* [Task goal] Start the copy at the line containing "Officine per la" and run it through the last line of the records. Repeat each line exactly; omit pictures.

* [Stored data]
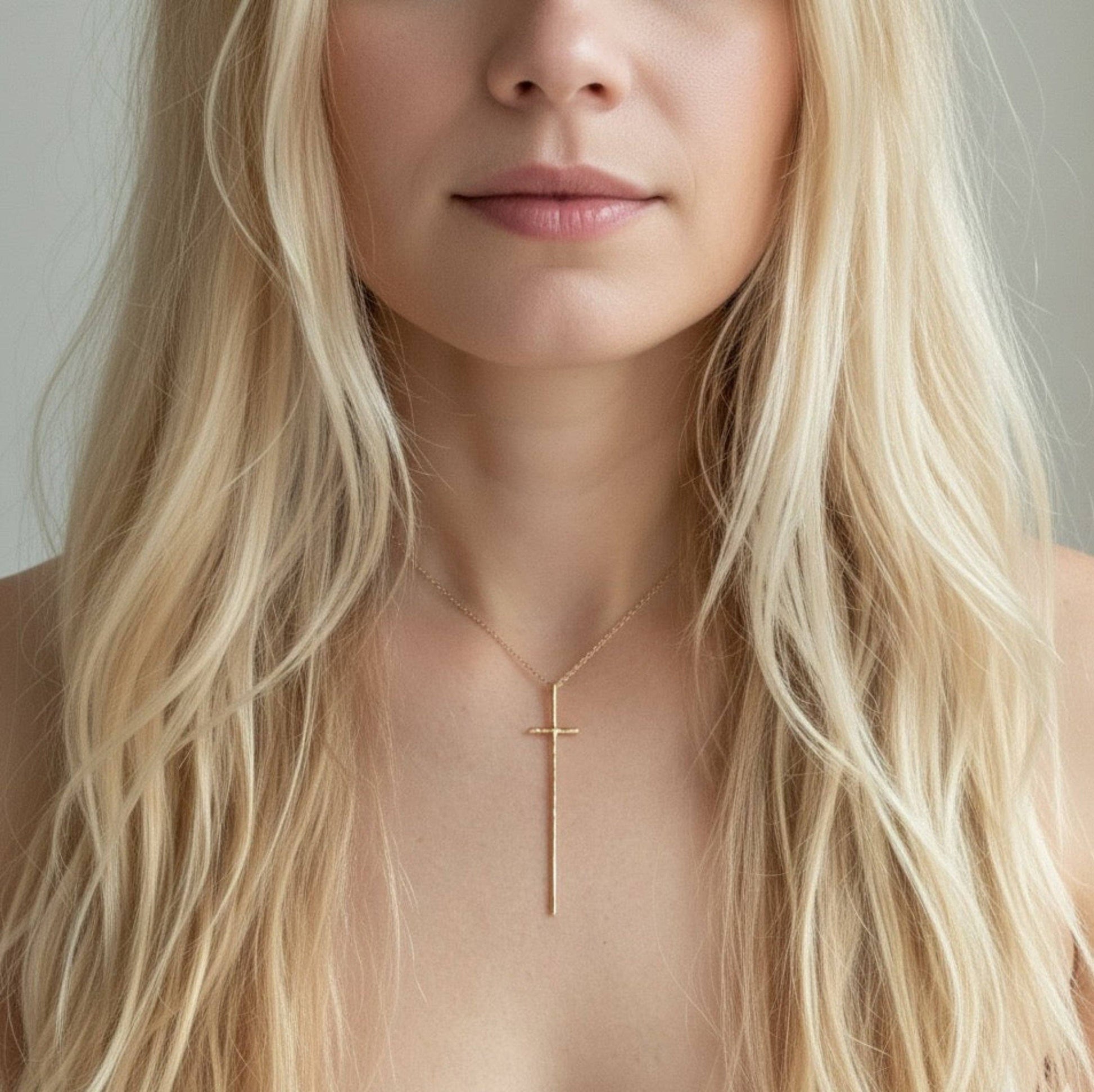 Simple yet meaningful, the Minimal Vertical Cross Necklace embodies timeless faith and modern elegance. Featuring a sleek vertical cross pendant on a delicate chain, this necklace offers a refined look that’s perfect for everyday wear or special occasions. ✔️ Vertical Cross Design – A modern take on a classic symbol of faith ✔️ Minimalist Elegance – Perfect for layering or wearing solo ✔️ Versatile Style – Complements both casual and dressy outfits Dimensions: Approximately 16" with 2" extender Materials: 18K real gold plated brass for a beautiful, rich tone Features: Hypoallergenic, lead & nickel free, made for long-lasting shine
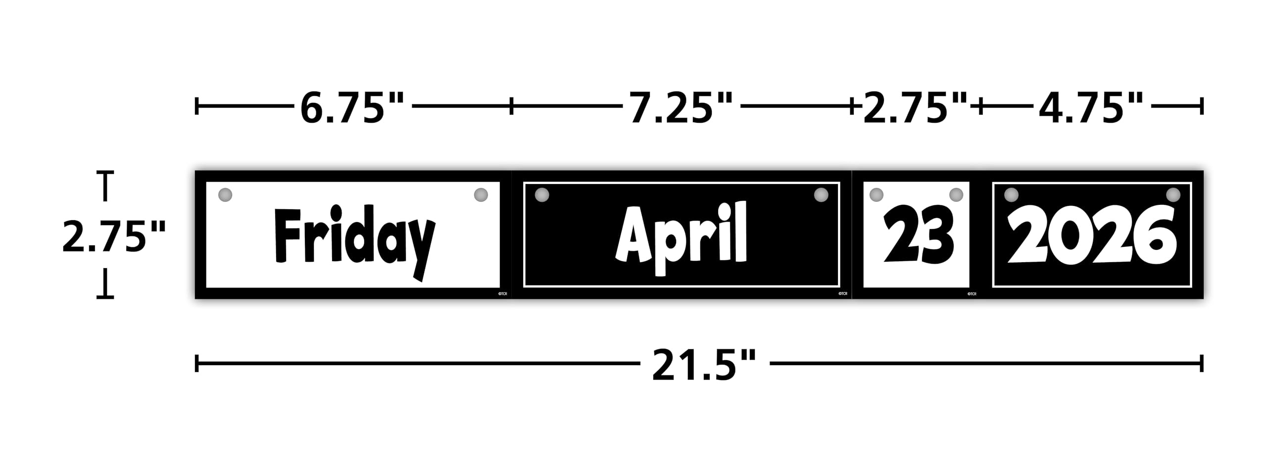 - Complete flip calendar measures approx. 21-1/2″ x 2-3/4″ when assembled onto a magnetic curtain rod. Binder rings and magnetic curtain rod not included.
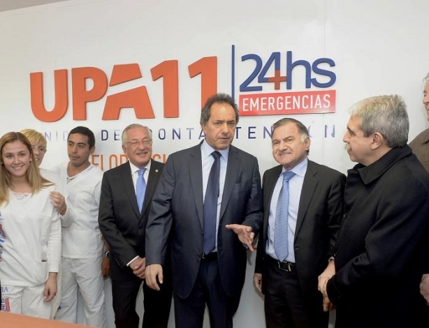 El gobernador Daniel Scioli, asegur贸 hoy que, "lo que es una realidad para la provincia de Buenos Aires quiero que sea un proyecto para el pa铆s", al inaugurar la Unidad de Pronta Atenci贸n (UPA 24 horas) n煤mero 11, en Florencio Varela, junto al intendente local, Julio Pereyra; el jefe de Gabinete de la Naci贸n, An铆bal Fern谩ndez, y el gobernador de Jujuy y presidente del PJ nacional, Eduardo Fellner.
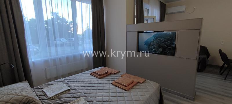 Апартаменты в уникальном комплексе делюкс-класса юго-восточного Крыма Apart-Hotel & SPA “ATLAS”. Расположенный у подножия заповедного урочища Алчак-Кая, на первой береговой линии Чёрного моря.
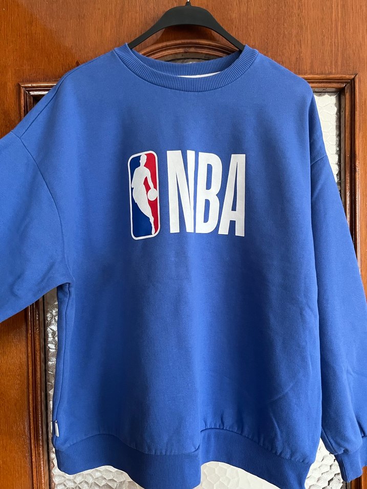 Mavi renkli, yuvarlak yakalı ve bol kesim uzun kollu sweatshirt. Yumuşak kumaştan üretilmiş, parlak NBA baskısı bulunur. Spor şıklığı sunar. Son fotografta defosu gösterilmiştir
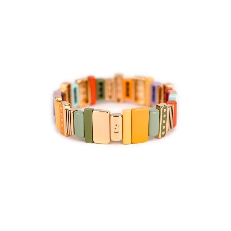 Bracelet SIMONE A BORDEAUX en métal émaillé multicolore sur fil élastique. Longueur 18cm.
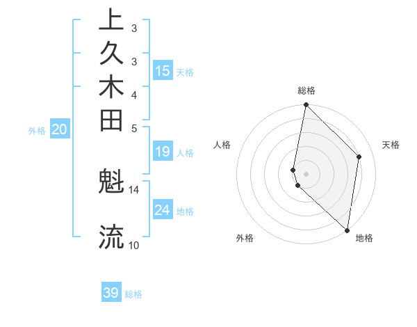 上久木田 魁流さんを姓名の画数から五運を鑑定
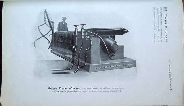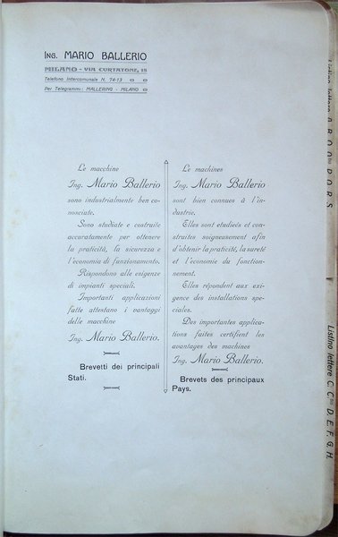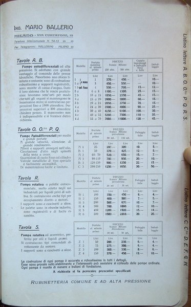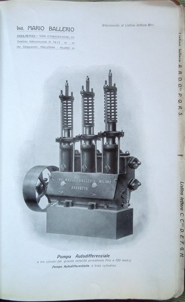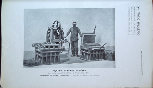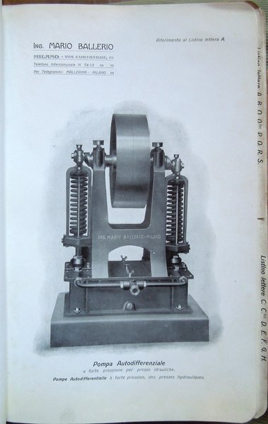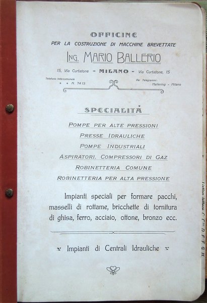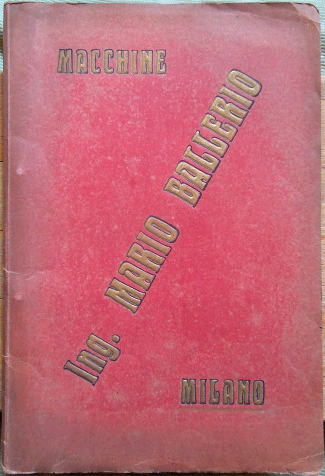 Officine per la costruzione di macchine brevettate Ing. Mario Ballerio . Specialità: Pompe per alte pressioni - Presse idrauliche - Pompe industriali - Aspiratori. Compressori di gaz - Robinetteria comune - Robinetteria per alta pressione .
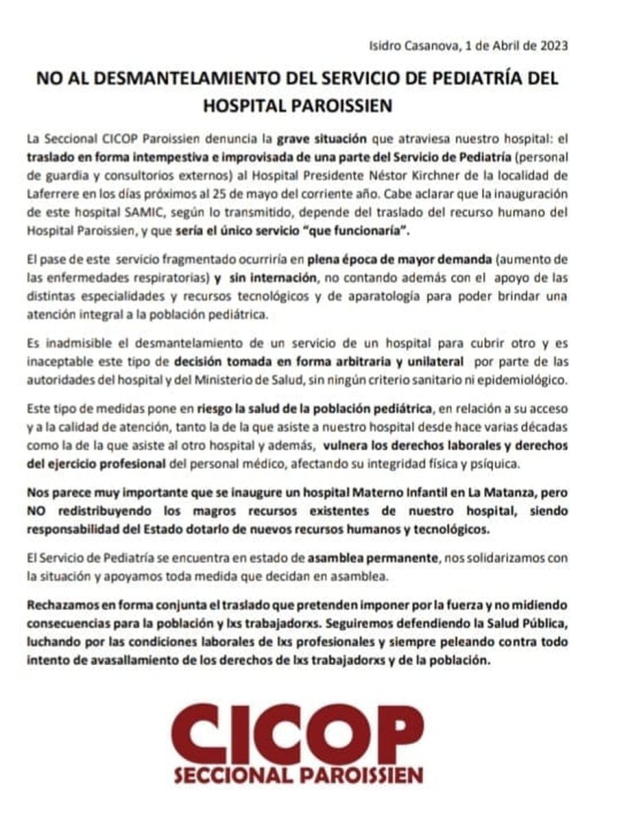 Es por eso que tildaron de carecer de "criterio sanitario y epidemiológico alguno" al Ministerio de Salud de la Nación y los mandamases del Paroissien: "Es inadmisible el desmantelamiento de un servicio de un hospital para cubrir a otro y es inaceptable este tipo de decisión tomada de forma arbitraria y unilateral, que solo pone en riesgo a los pacientes y vulnera los derechos laborales y del ejercicio profesional".

* [The answer]
 Officine per la costruzione di macchine brevettate Ing. Mario Ballerio . Specialità: Pompe per alte pressioni - Presse idrauliche - Pompe industriali - Aspiratori. Compressori di gaz - Robinetteria comune - Robinetteria per alta pressione .
 Es por eso que tildaron de carecer de "criterio sanitario y epidemiológico alguno" al Ministerio de Salud de la Nación y los mandamases del Paroissien: "Es inadmisible el desmantelamiento de un servicio de un hospital para cubrir a otro y es inaceptable este tipo de decisión tomada de forma arbitraria y unilateral, que solo pone en riesgo a los pacientes y vulnera los derechos laborales y del ejercicio profesional".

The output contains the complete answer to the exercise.